Through the gray cloud of influenza a flash of light is seen on October 22, 1918, Day 45 of the pandemic.
Dr. Edward Rosenow is 43 years old and has for some time been regarded as brilliant in his field of medical research, a producer of “monumental work” as one person put it. A few weeks before influenza’s outbreak at Fort Devens, Massachusetts, Dr. Rosenow was a featured presenter and analyst at the Minnesota State Medical Association meeting. Today, at the Mayo Foundation for Medical Examination and Research in Rochester, Dr. Rosenow announces he is ready to distribute a vaccine for doctors to take. Three shots, each a week apart, for six to nine months and it’s expected, Dr. Rosenow states, that they will have immunity to influenza. It a rare step ahead when all anyone seems to do is fall further behind.
While the Minnesota medical profession celebrates Rosenow’s achievement, influenza chops down one stand of normalcy after another. Nationally, a ban on “fancy coffins” is declared. Judge Edwin Parker, Priorities Commisioner on the War Industries Board, dictates that only plain, sparse coffins may be made. To do otherwise, Parker explains, risks failure to meet the demand of corpses caused by influenza. At Cornell University students begin a week of in-room study; assignments will be completed in individual dorm rooms instead of classrooms. A newspaper editor in Santa Cruz, California suggests that influenza depends on travel to thrive and thus perhaps people should stay in their home counties.

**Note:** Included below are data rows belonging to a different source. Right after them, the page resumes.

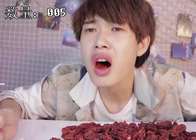 接下来我们看到他先尝试了一个魔鬼椒,如果观察仔细地话,不难发现,一个魔鬼椒吃下后他的嘴唇开始红肿,因为这种辣椒的辣度实在太辣,身体已无法承受。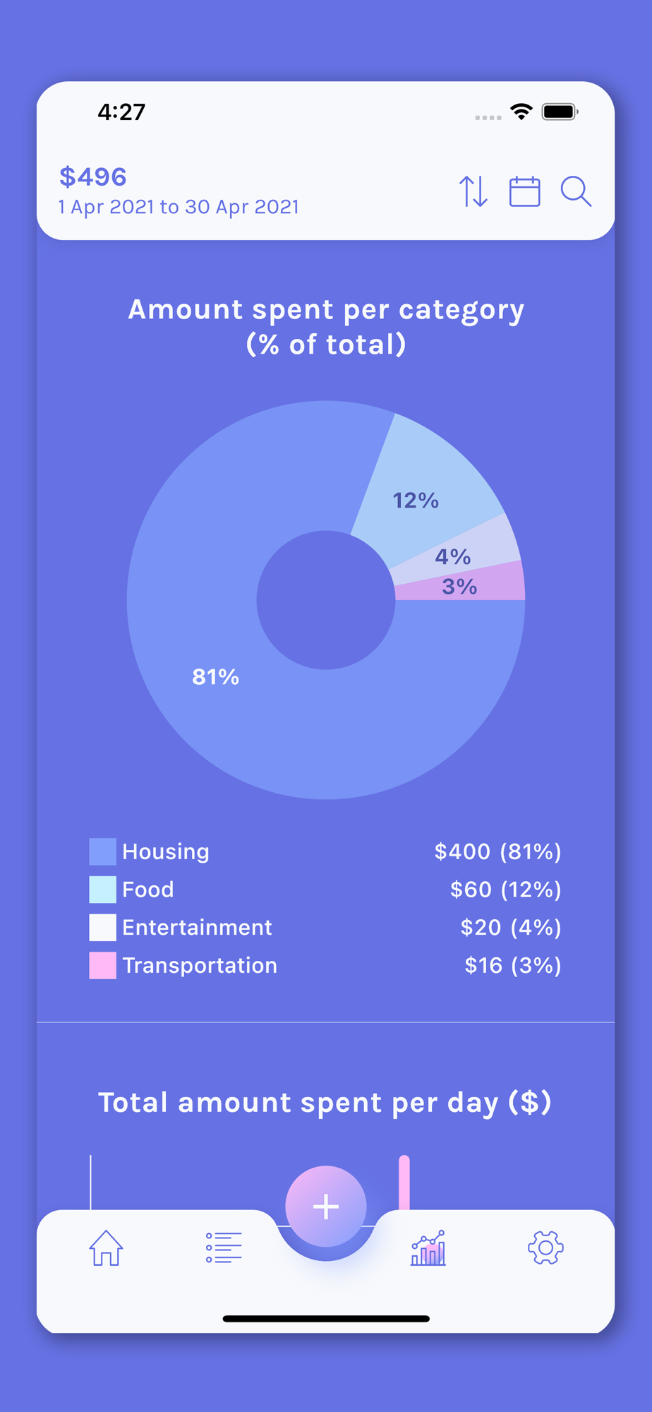 SpentAll is a simple-to-use spending tracker. Log your expenditures, categorize them, and track your spending habits. Customize your account by selecting your local currency, setting spending limits, and personalizing spending categories. Keep an eye on the spending guage on the home dashboard to help you stay conscious of your spending! Make use of the analytics page to see more detailed metrics into where your money goes, and when. This app is perfect for those simply looking to keep an eye on their expenditures.
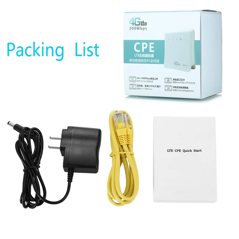 Поддерживает диапазон FDD B1 B3 B5 B7 B8 B20 Поддержка браслета TDD B38 B39 B40 B41 Поддержка WCDMA: B1 B5 B8 Предоставьте кнопку ручного сброса для восстановления заводских настроек по умолчанию. Расстояние передачи данных: В помещении 30 метров насколько; На улице до 100 метров (из-за различных условий окружающей среды) Температурный диапазон от-10 до 50 ℃ эксплуатации; От-20 до 70 ℃ хранения Размер: 200 мм x 145 мм x 48 мм Источник питания постоянного тока 12 В 1 А Оператор может посетить веб-сайт http:// 192.168.100.1 для настройки устройства. Обратите внимание, что пароль пользователя по умолчанию-админ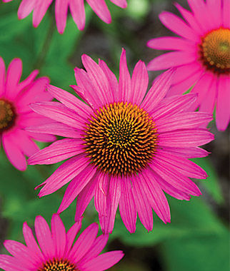 O echinacea cu floare mare si rotunda, intr-o nuanta luminoasa de roz, calda si vizibila, la mare pretuire in gradina in perioada calduroasa a verii, cand infloreste neobosit de la sfarsitul lunii iunie si pana in septembrie.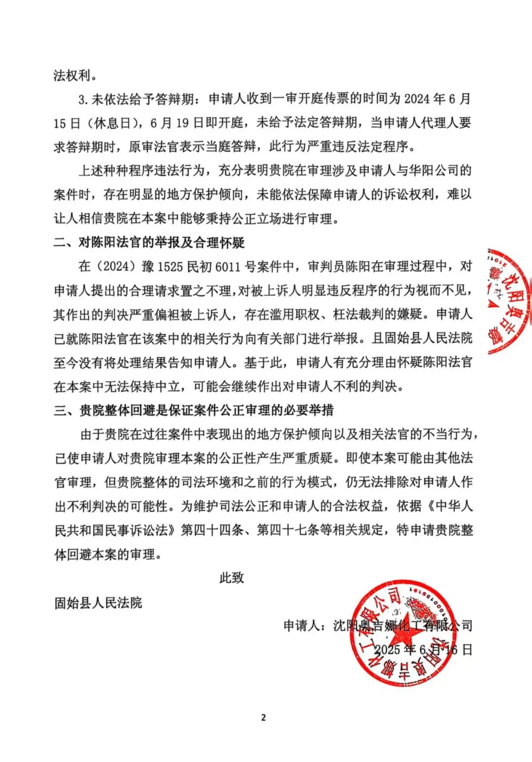 河南華陽長青起訴沈陽奧吉娜舉報案名譽侵權發回重審,奧吉娜基于原一審固始縣法院存在嚴重違法行為申請其全院回避!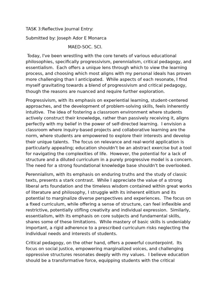 Reflection Journal Entry 3 | PDF | Critical Thinking | Learning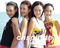 戴安娜2001世界精英模特大賽中國預選賽暨金沙灘模特大賽十二日在青島金沙灘進行外外景拍攝。圖為青春亮麗的模特新秀。中新社記者 錢興強 攝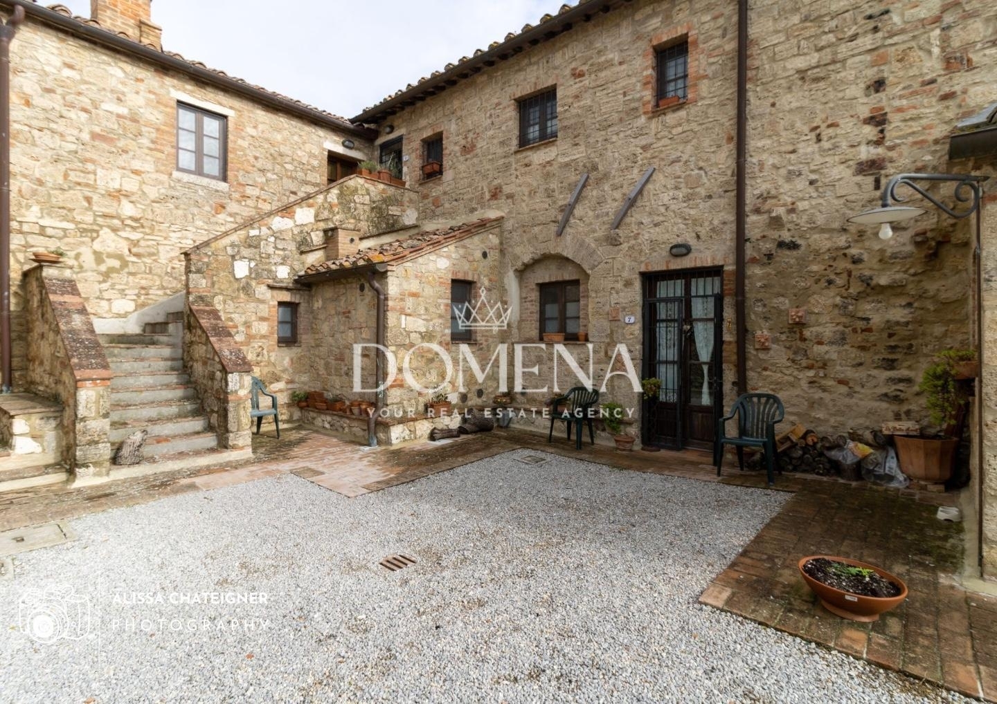 Rif: domena 214 - un rifugio di charme nel cuore delle crete senesi immersa nel paesaggio dorato delle crete senesi, dove le colline si inseguono dolcemente sotto cieli sconfinati, sorge questa splendida casa in mattoncini toscani, libera su tre lati e parte di un borgo riservato e curato. Con i suoi 225 mq di eleganza rustica e calore autentico, rappresenta un perfetto equilibrio tra tradizione e comfort moderno.un ingresso indipendente accoglie l'ospite in un ampio soggiorno con camino funzionante, cuore pulsante della casa, dove le travi a vista e la stufa a pellet diffondono una sensazione di intimità e benessere nelle serate più fresche. Accanto, una cucina luminosa e conviviale, ideale per colazioni lente e cene in compagnia.la zona notte è accogliente e funzionale: due camere matrimoniali spaziose, una cameretta doppia e una cameretta singola, perfette per ospitare famiglia e amici. completano gli ambienti tre bagni, tutti finestrati, due dei quali con box doccia, oltre a un pratico angolo lavanderia e un ripostiglio.gli infissi in legno con doppi vetri, le zanzariere e le inferiate offrono sicurezza e comfort, mentre le utenze autonome e il riscaldamento a radiatori collegato alla stufa garantiscono efficienza e indipendenza.all'esterno, il resede privato con gazebo, accessibile direttamente dal soggiorno, regala uno spazio magico dove rilassarsi, leggere un libro o condividere una cena al tramonto, con il profumo dell'erba e la vista sul borgo.a disposizione dei residenti una piscina di 25 metri e un campo da tennis, ideali per godere del tempo libero all'aria aperta. non mancano quattro posti auto coperti privati all'interno del borgo, un privilegio raro in questa zona.questa proprietà rappresenta una perfetta fusione tra autenticità toscana e comfort contemporaneo, un luogo dove ogni dettaglio parla di casa, serenità e amore per la bellezza.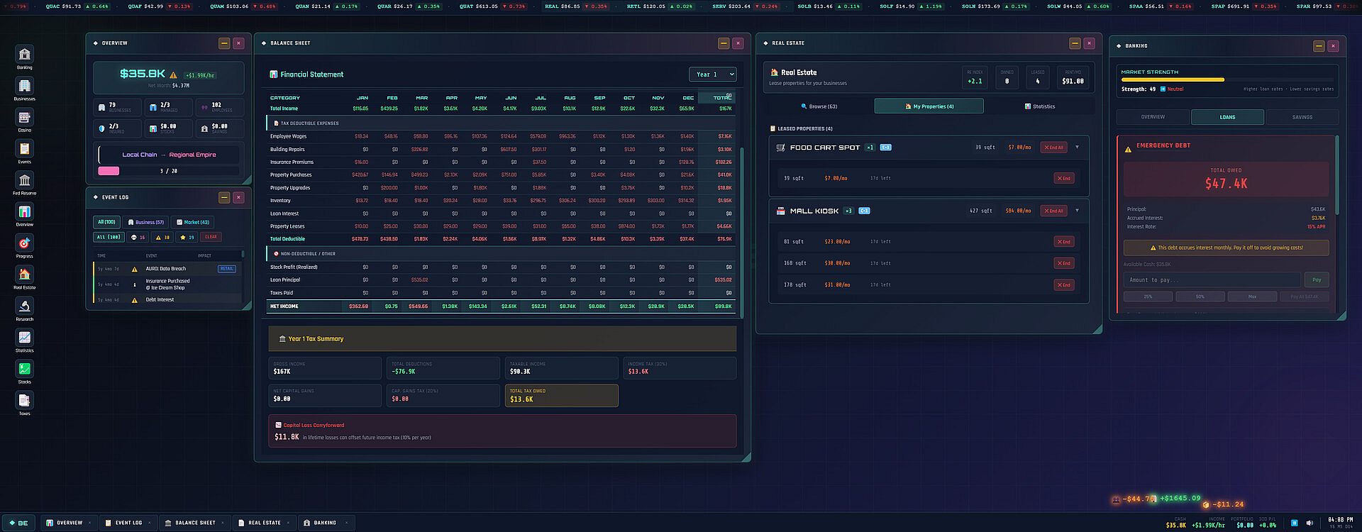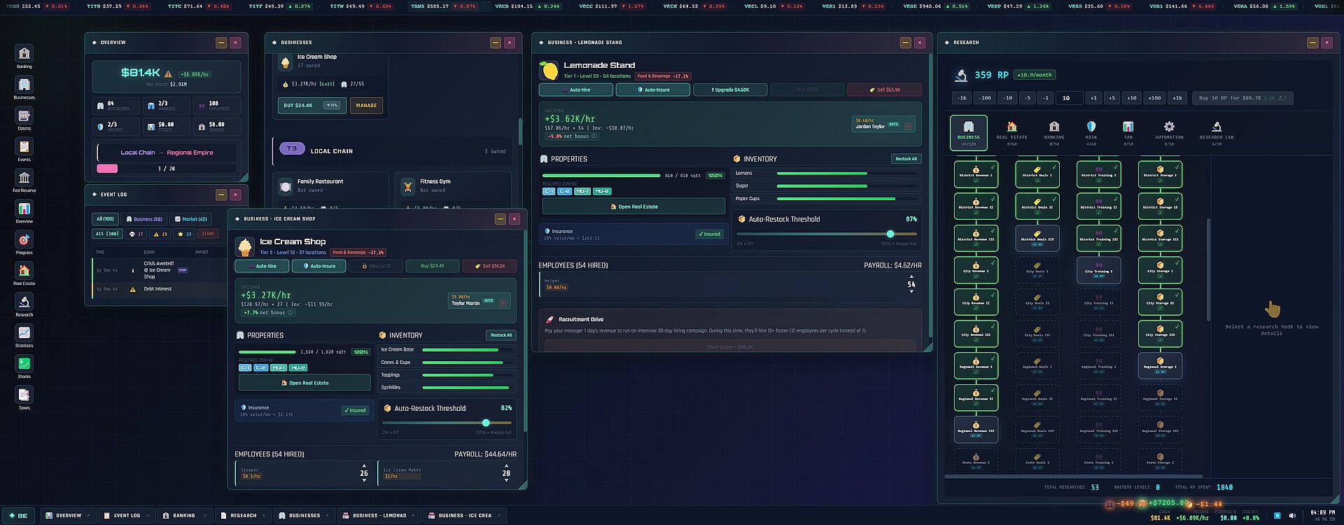 Your businesses need employees, inventory, and space to operate. Hire workers to boost efficiency, but watch the payroll. Stock inventory before it runs out, or watch your income dry up. Rent commercial properties or face space penalties that eat into your margins. Random events will test your resilience: fires, theft, lawsuits, product recalls, and employee drama all chip away at poorly-managed empires. Insurance exists for a reason.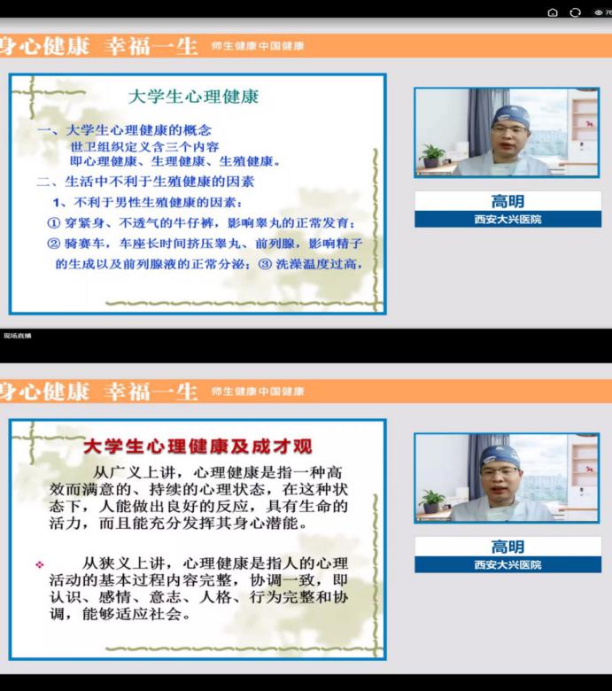 本次讲座以线上形式进行,讲座包括健康的生活方式、新冠肺炎预防、人体常见疾病的处理和预防等三个方面内容。高明主任讲授了大学生健康现状及影响因素、大学生心理健康常见的问题及如何应对,从医者的角度提醒青年学子要培养良好的生活方式,掌握最基本的安全防护和自我保健知识。对于成长和成才观,高明分享了自己的科技成才之路,建议学子们要正确认识自己,认识自己的生理特点、心理特点,认识自己的优势、劣势,知道“我能做什么,我要做什么”。告诉广大学子生涯规划重在行动,成功源于有效的时间管理,成功关键在于努力学习本领和师长的教育支持;结合当前疫情防控形势,高明对新冠肺炎病毒的来源、传播途径以及在日常生活中如何做好防护等进行了详细的讲解和说明。结合自己的临床专业知识,还为师生讲解了常见泌尿生殖相关疾病的诊治,并对艾滋病的传播、预防和治疗进行了宣讲。高明主任的讲座深入浅出,语言生动诙谐,激发了广大师生和家长的关注和兴趣,大家认真倾听,积极互动,师生就新冠肺炎疫情防护、心理问题、常见病治疗等热点问题积极提问,高明主任一一进行了解答说明,整个讲座过程气氛热烈,秩序井然,师生们在轻松愉快的气氛中接受了健康知识的普及教育。
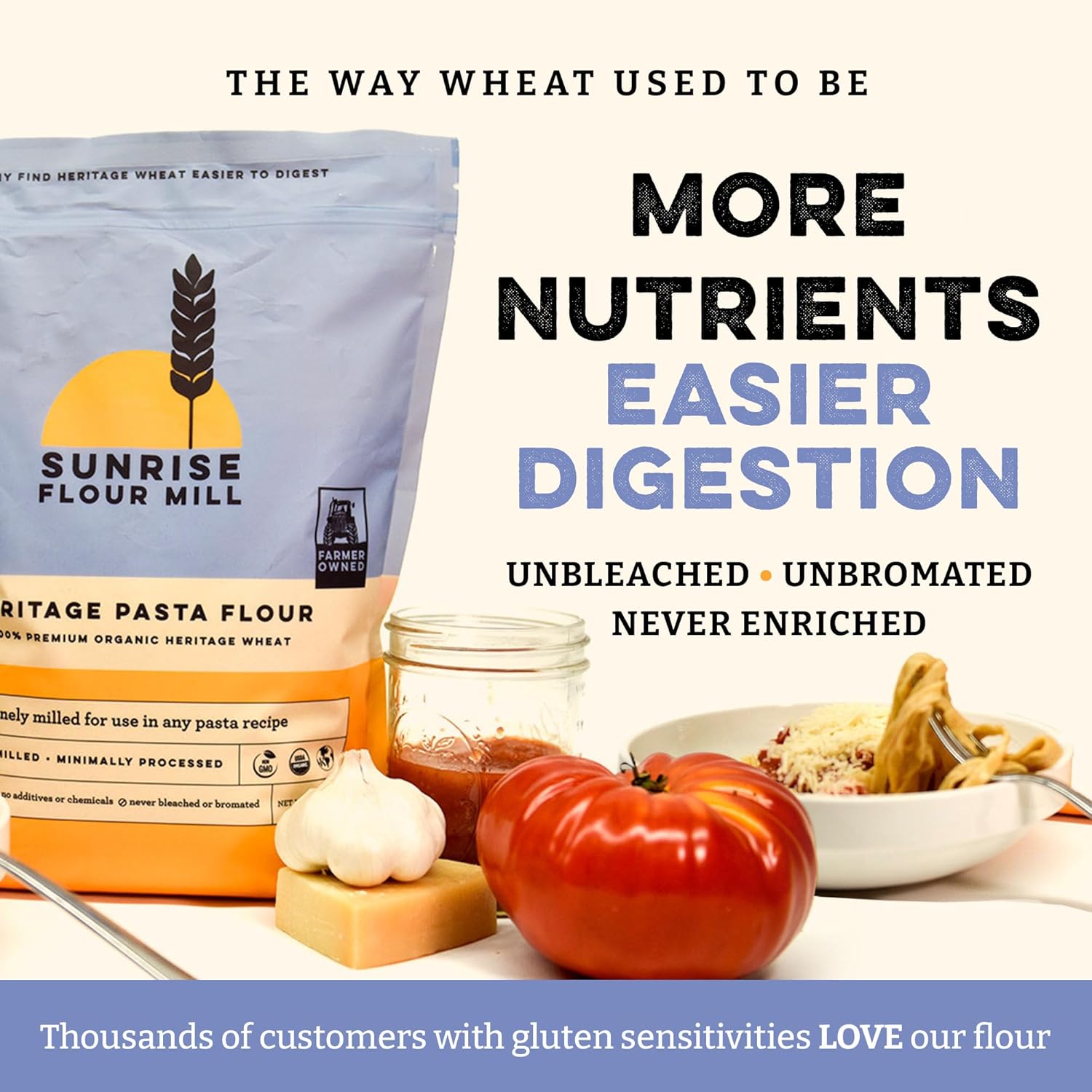 - NUTRIENT-RICH & ALL NATURAL – Made from a blend of organic heritage wheats, this pasta flour is free from chemicals, additives, and glyphosate—delivering clean, nutritious pasta that’s wholesome enough for the whole family.

The Masonic Lodge of Asheville, North Carolina meets and decides to that decades-old racial discrimination must be addressed in the struggle with influenza. Weeks before, a whites-only emergency hospital had opened to care for the rising numbers of influenza cases in the community. No one—not a single entity—had bothered to look at options available to black residents of Asheville until the Masons voted to put their “Temple” at the disposal of doctors treating black patients with influenza. Not all the timber cut down by influenza was bad.
The University of California begins a quarantine of all members of the Student Army Training Corps on campus. In addition, Professor of English and classical literature, Charles Gayley, cancels his planned lecture on “The Ideals of the Present War.” It seems the good professor, who was born on the birthday of George Washington, is a target for the other enemy in a different war—influenza.
Which brings a new context to the day. Influenza is killing more Americans in a few months of 1918 than did most of the American wars combined in the nation’s previous 143 years of existence.
In reality, this war and its battles are felt in every American home.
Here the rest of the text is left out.